I am talking about Hadoop 0.20 using a custom jar, not streaming or Hive or Pig.
  1. Make sure your distribution has the MAPREDUCE-1182 patch.
  2. Make sure you change the default setting of dfs.datanode.max.xcievers to something very large, like 4096. And yes, the property name is misspelled. In 0.22/0.23 the property will be called dfs.datanode.max.transfer.threads.
  3. If you've declared your key type to be T, you can't write an S, even if S is a subclass of T.

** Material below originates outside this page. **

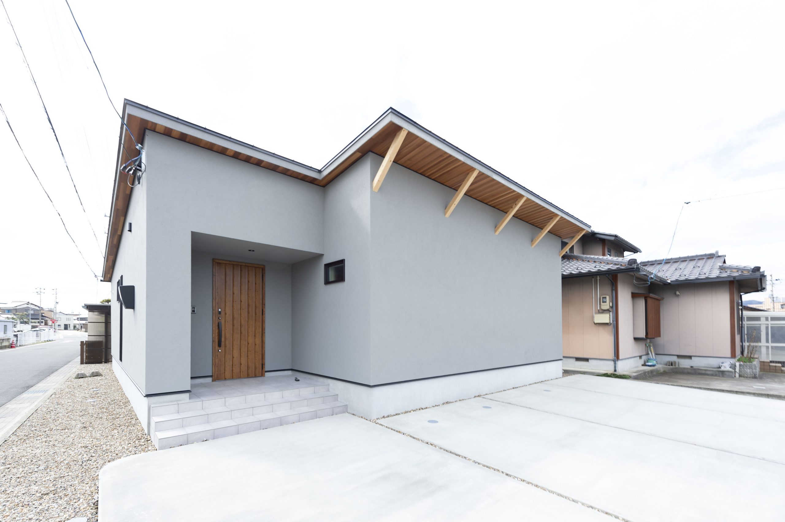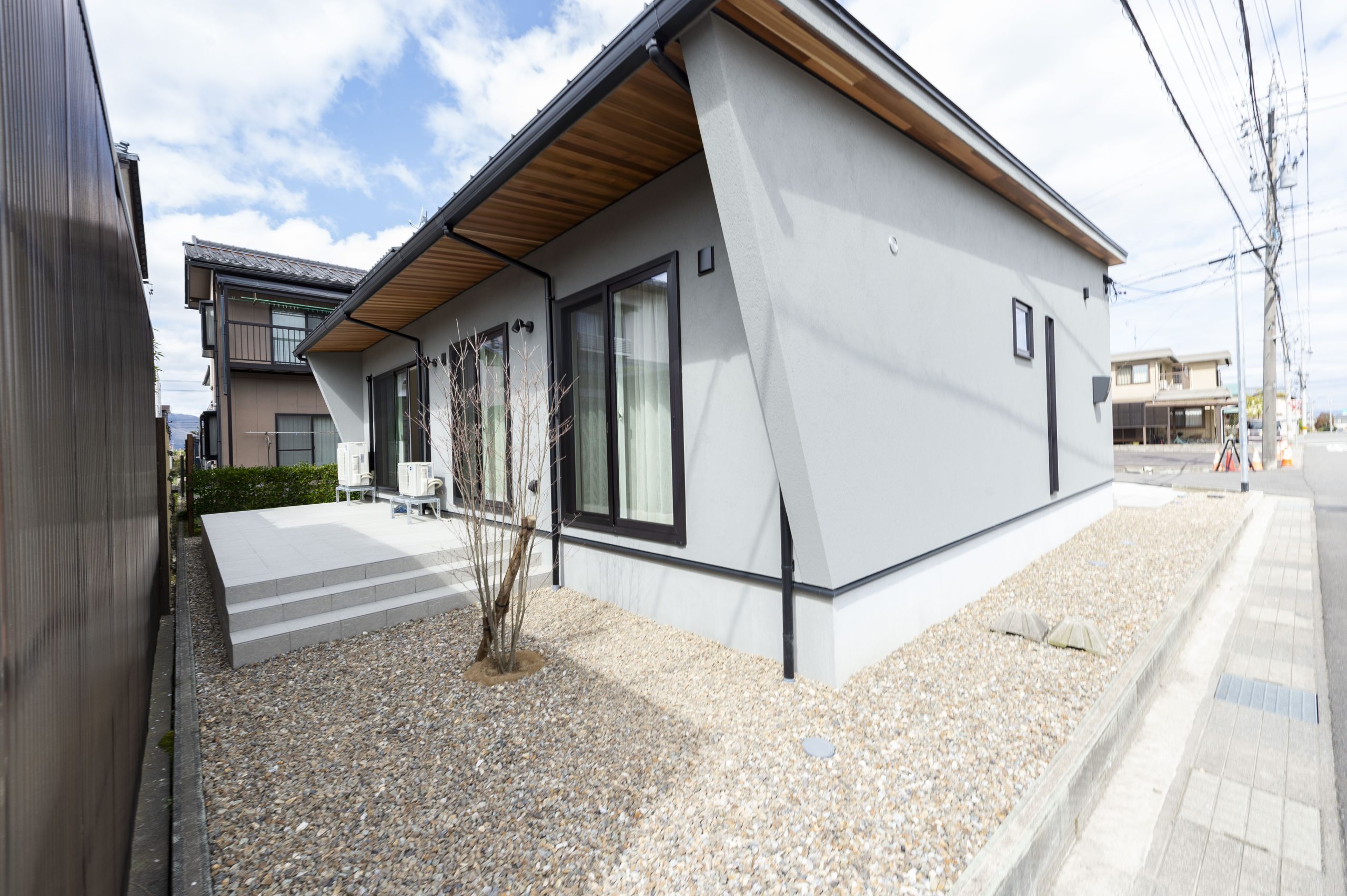 グレー×木のアクセントでスタイリッシュなデザインの外観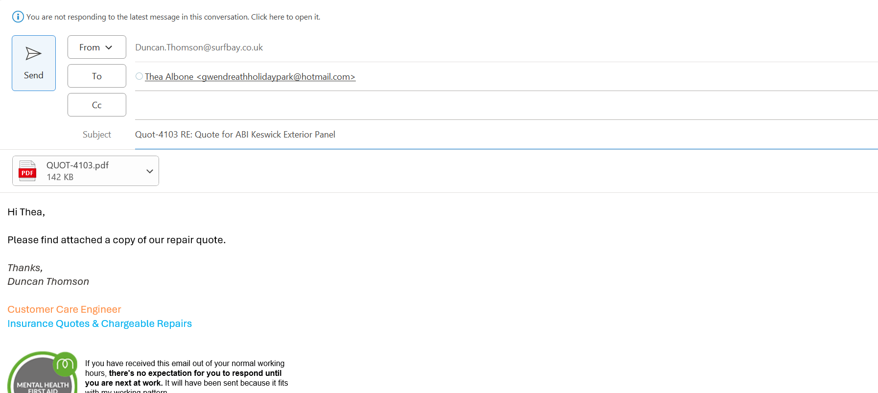 | Attachment | Quote sent.png [ 400419 ] |

  4. There are several ways to get your dependencies visible to Hadoop tasks and tools, and they are all clunky.
    • You can bundle them all into the job jar in a folder called lib, although doing so does not make it possible to have custom input formats, output formats, mappers, and reducers in separate jars.
    • You can use the -libjars argument, but if you ever have to load a class via reflection (i.e., using Class.forName), you have to use the Thread.currentThread().getContextClassLoader() rather than the default. Also you might run into HADOOP-6103.
    • You can use DistributedCache.addFileToClassPath, but you have to be sure to put the file on HDFS and refer to it by its absolute pathname without a scheme or authority, and these files are only available to the tasks, not the tool/job.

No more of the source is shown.